Names make news. Last week these names made this news:
Noting a man with soul-piercing eyes board the same plane with him in North Carolina, the Montgomery (Ala.) Advertiser's Editor Grover Hall Jr. invited his fellow passenger to share a seat. Hall's recollections of this chance encounter with Roman Catholic Bishop Fulton J. Sheen, 59, provided Advertiser readers with an unusual portrait: "As the plane revved up for the takeoff, the Bishop crossed himself . . . The editor observed the Bishop's supplication with satisfaction, considering that the plea for the safety of the ship's company was in uncommonly eloquent and influential hands . . . Airborne, Sheen deftly ripped off his collar and laid it upon his knee . . . We asked him how his tennis game was going . . . Sheen said, 'I have found that if I play tennis before going on the air, it lowers my voice at least two registers. I think that's because the exercise expands the lungs.' "
Cordiality established, Hall began plying the Bishop with questions about his general tastes. "Sheen said he gave the New York Times a five-minute scanning every day for foreign news, was repelled by politics and could never become interested in it ... Sheen has not seen a movie for eight years, cares little for drama, but relishes comedians like Milton Berle [who calls Sheen "Uncle Fultie"]. Sigmund Freud and Karl Marx are eminent in Sheen's hierarchy of devils. Sheen remarked that, 'I have read every single line that Karl Marx ever wrote. I took a year off to study him.' His discourse on Marx and Communism was so brilliant that the editor had the sense of looking into a machine gun firing tracer bullets."
Dashing Louis Arpels, a proprietor of the chic Manhattan jewelry house of Van Cleef & Arpels (branches: Paris, London, Newport, Cannes, etc.), is an international gadabout, but much of his fame has been reflected from his handsome wife, Helene, perennially in the headlines as one of the world's ten best-dressed women.
Last week Arpels basked in a notoriety all his own. Caparisoned in a trim salt-and-pepper sports suit and oodles of pearls, Helene paraded into a Manhattan court to tell a sordid tale of domestic dolor. Arpels had turned out to be a 24-carat gem dandy, complained Helene, who married him in 1933, but his diamonds were another girl's best friend.

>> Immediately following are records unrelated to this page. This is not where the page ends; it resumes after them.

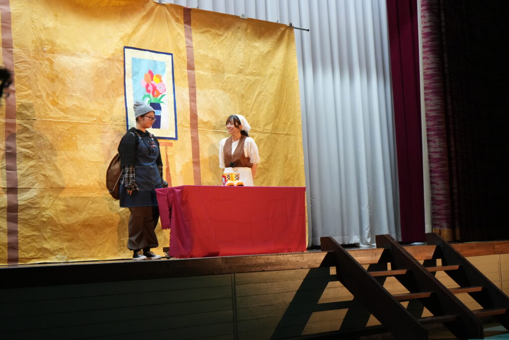 当日は、多くの親子や地域の皆様、高校生、本学の卒業生にもご来場いただき、会場は大変にぎわいました。学生たちは、夏休み前から準備を始め、連日遅い時間まで練習を重ねてきました。学園祭当日も朝早くから皆様をお迎えする準備を整え、心を込めて演じました。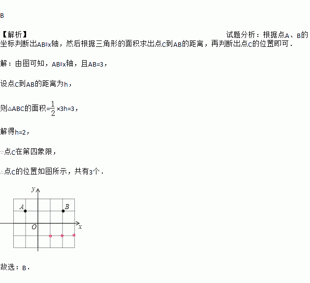 如图,在5×4的方格纸中,每个小正方形边长为1,点O,A,B在方格纸的交点(格点)上,在第四象限内的格点上找点C,使△ABC的面积为3,则这样的点C共有( )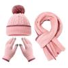 Ensemble 3 Pièces Chapeau Écharpe Gants pour Enfants Couleur Unie Texture Torsadée Décor Pompon Chapeau Écharpe Longue Gants Ensemble Accessoires d'Hiver Élastiques
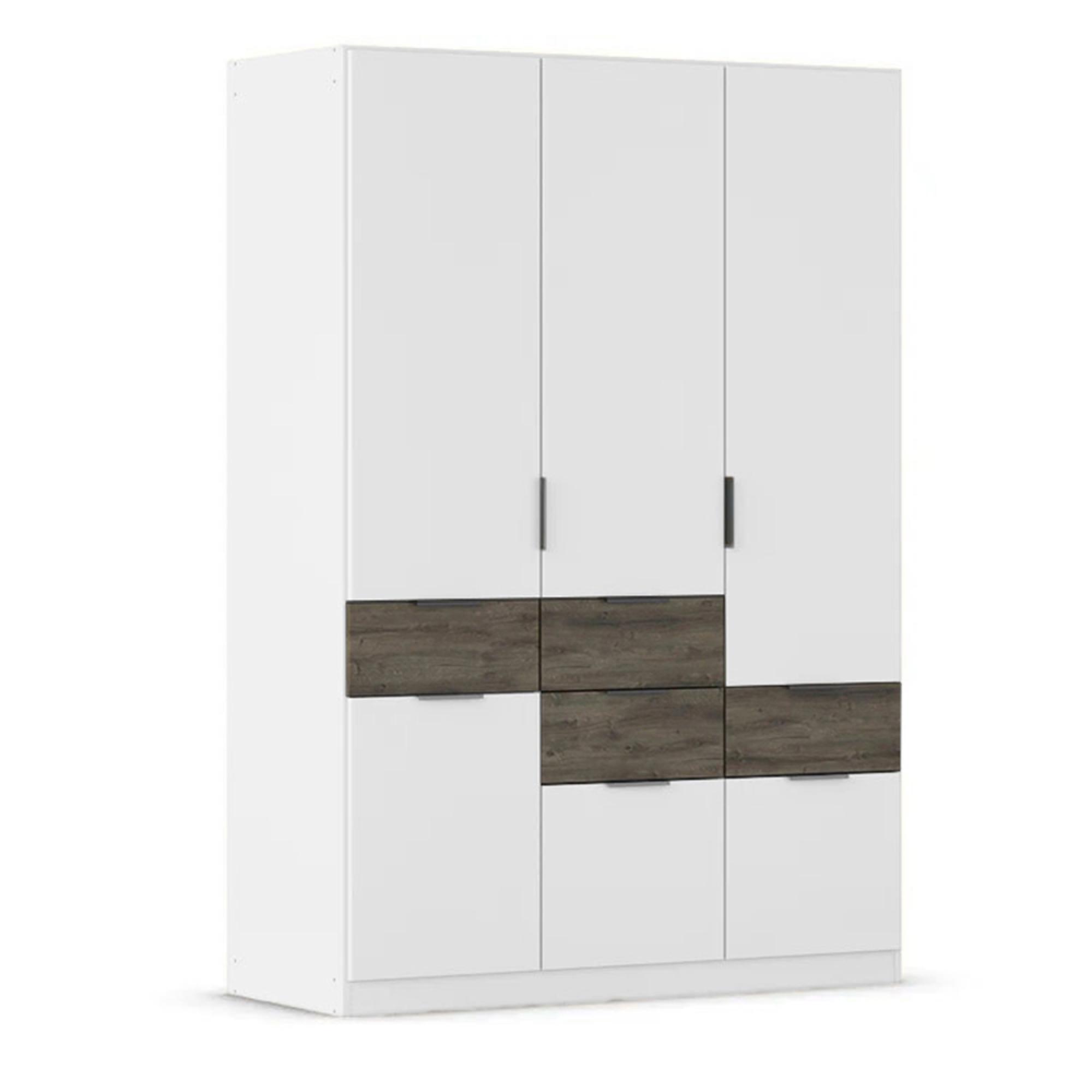 Rauch Mats 136cm 4 Door Wardrobe with Drawer - Alpine White and Atlantic Dark Oak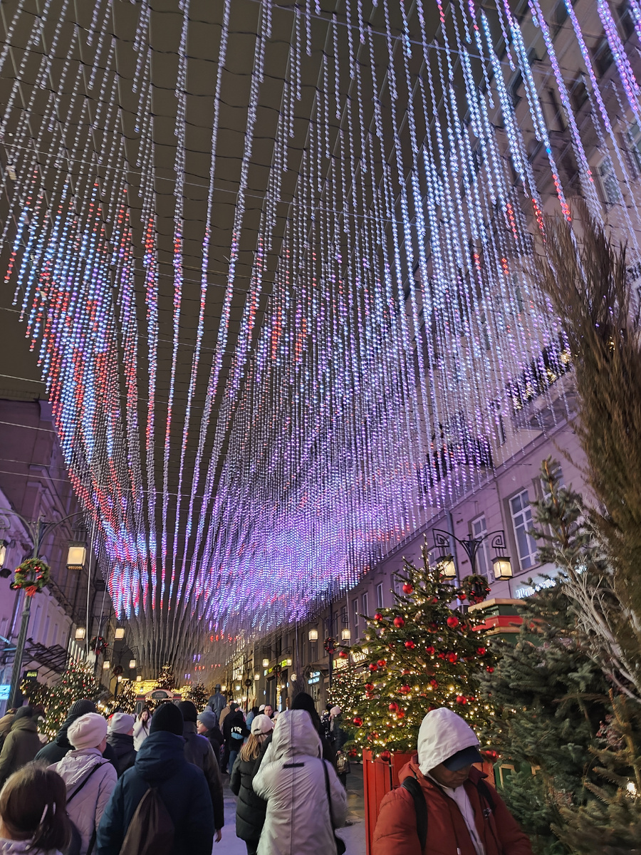 Старший сын подарил мне на Новый год билеты в МХТ им. Чехова. Этот театр - самый любимый в нашей семье, смотрим спектакли там на протяжении многих лет, всегда с большим удовольствием. Но в последнее время походы стали более редкими - цены на билеты стали уж очень кусачими. Вот сынуля и решил сделать плезир - купил билеты на первый ряд партера, сама бы я на такой финансовый подвиг не отважилась. Спектакль называется "Номер 13D". Съёмка спектакля запрещена, поэтому могу показать только интерьеры театра и атмосферу вокруг него. Камергерский переулок ярко украшен, как и весь центр столицы, ведь сейчас проходит фестиваль "Зима в Москве". Над улицей установлена световая инсталляция в виде голубого дождя. Хотя и настоящий дождь тоже идёт - вот такая получается зима, и это который год подряд. Пространство переулка украшают живые ёлки с яркими красными шарами... ... или причудливые неоновые деревья с развесистой кроной. Со стороны Тверской на входе в Камергерский переулок установлена световая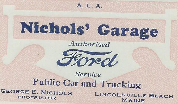 Card advertising Nichol's Garage, Lincolnville Beach, Maine.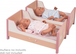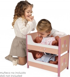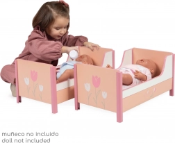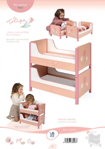 Podaruj dzieciom piękną scenerię dla ich ulubionych lalek. Drewniane łóżeczko 2 w 1 z kolekcji Tulipe w ciepłych łososiowych tonach ze stylowym kwiatowym wzorem oferuje zarówno spanie piętrowe, jak i rozłożenie na dwa oddzielne łóżka. Precyzyjny hiszpański design i solidna konstrukcja z płyty MDF oraz litego drewna gwarantują długą żywotność i bezpieczną zabawę.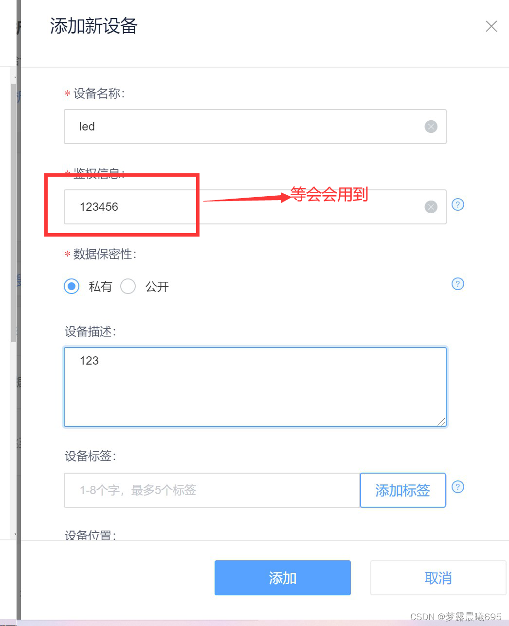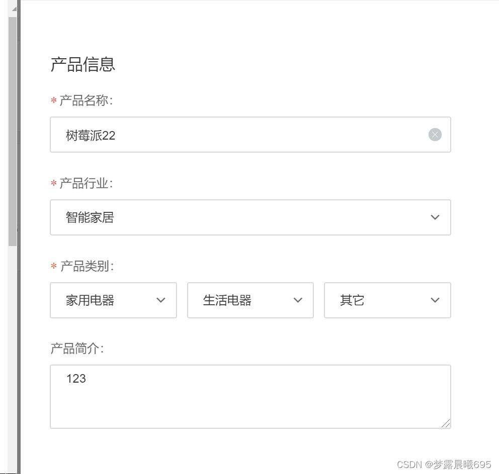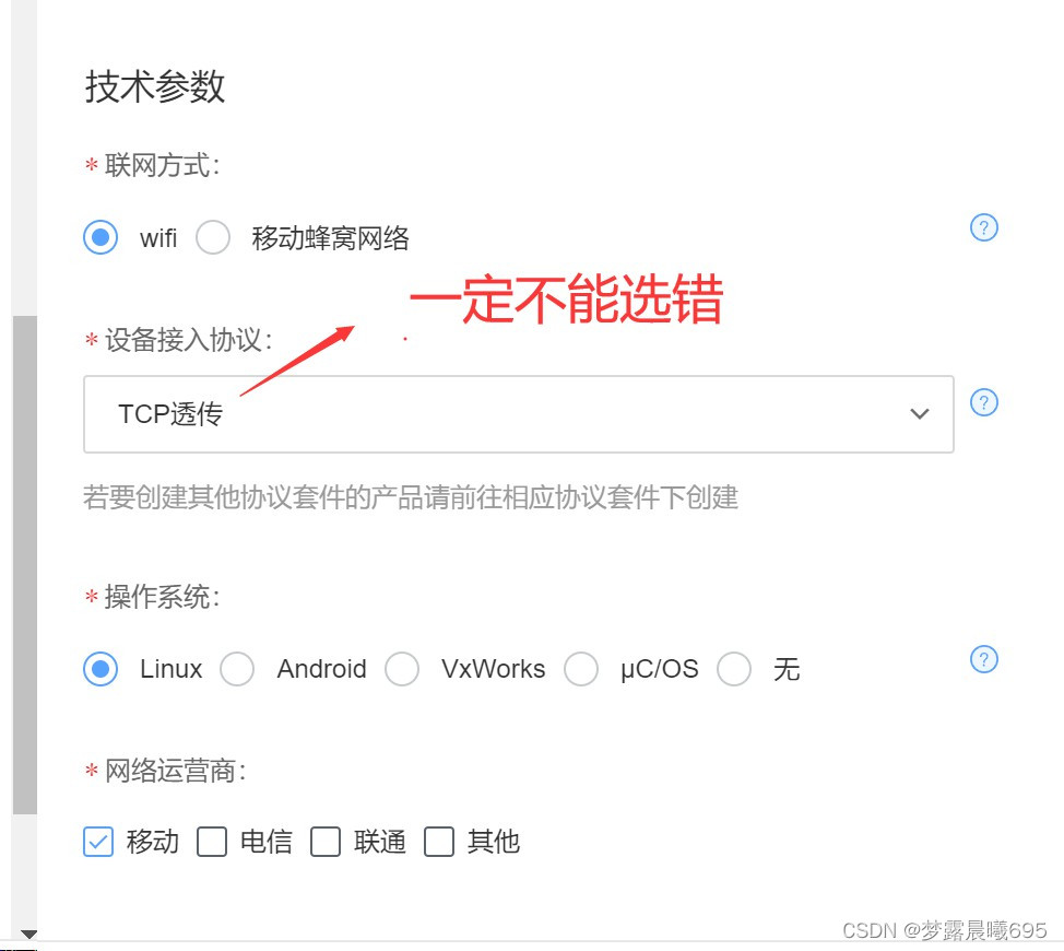 在点击添加产品后,有诸多的信息填入选项(该产品是自己的项目,不算设备,设备在项目生成后会有另外添加)可以依据自己的项目进行填写,也可以随便填,但是联网方式和接入协议不能错写;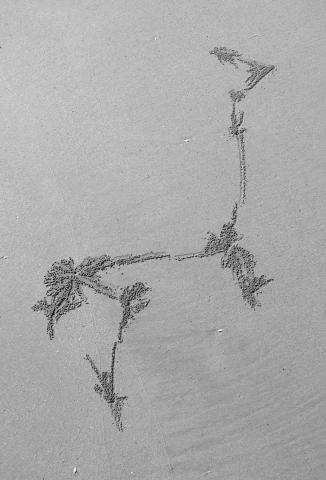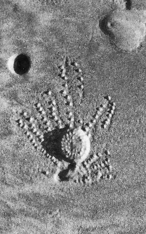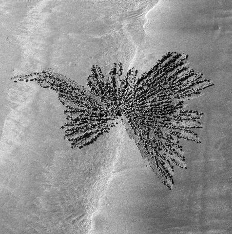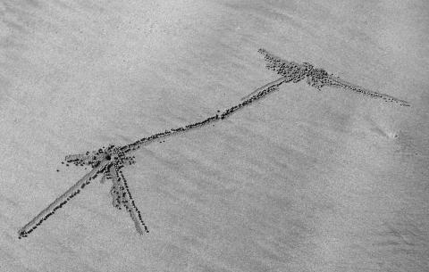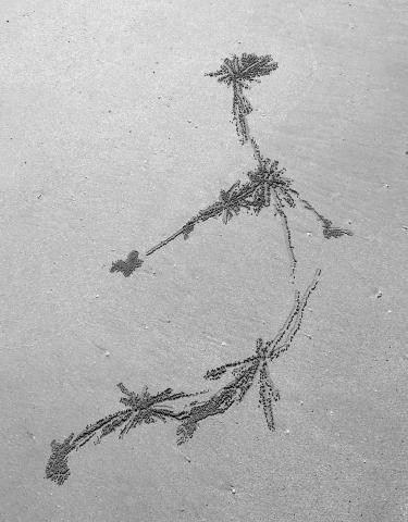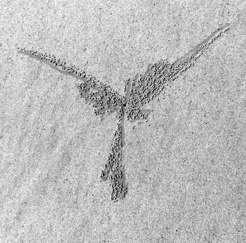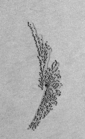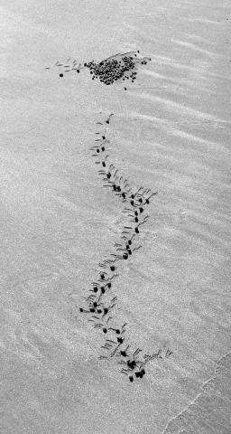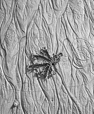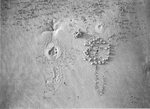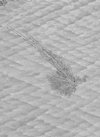 Frequently I was working in and around a day's worth of human, canine and bicycle tracks. Which raises a delicate issue: should I "restore" a sandpainting by removing said tracks (via photoshop)? -- or should I simply smile as nature shows us yet another way of "renewing the canvas"?

The other woman: "a mere nightclub singer named Juliana Larson." After acting distracted last year in France, testified Helene, Arpels announced to her that "he didn't have much time to live and wanted to spend it with Juliana." Shortly after that, Helene, idly rummaging through Arpels' pockets, discovered a shockingly tender letter written to "Lulu, my angel, my adored one." The letter was signed "J." Of Helene's testimony, Juliana snorted indignantly: "Just cheap, slanderous insinuations dreamed up by a former 'mere French mannequin.' " Meanwhile, Helene stuck to her demands: a separation decree and about $2,500-a-month permanent alimonyalmost enough to keep a girl in clothes, though certainly not in diamonds.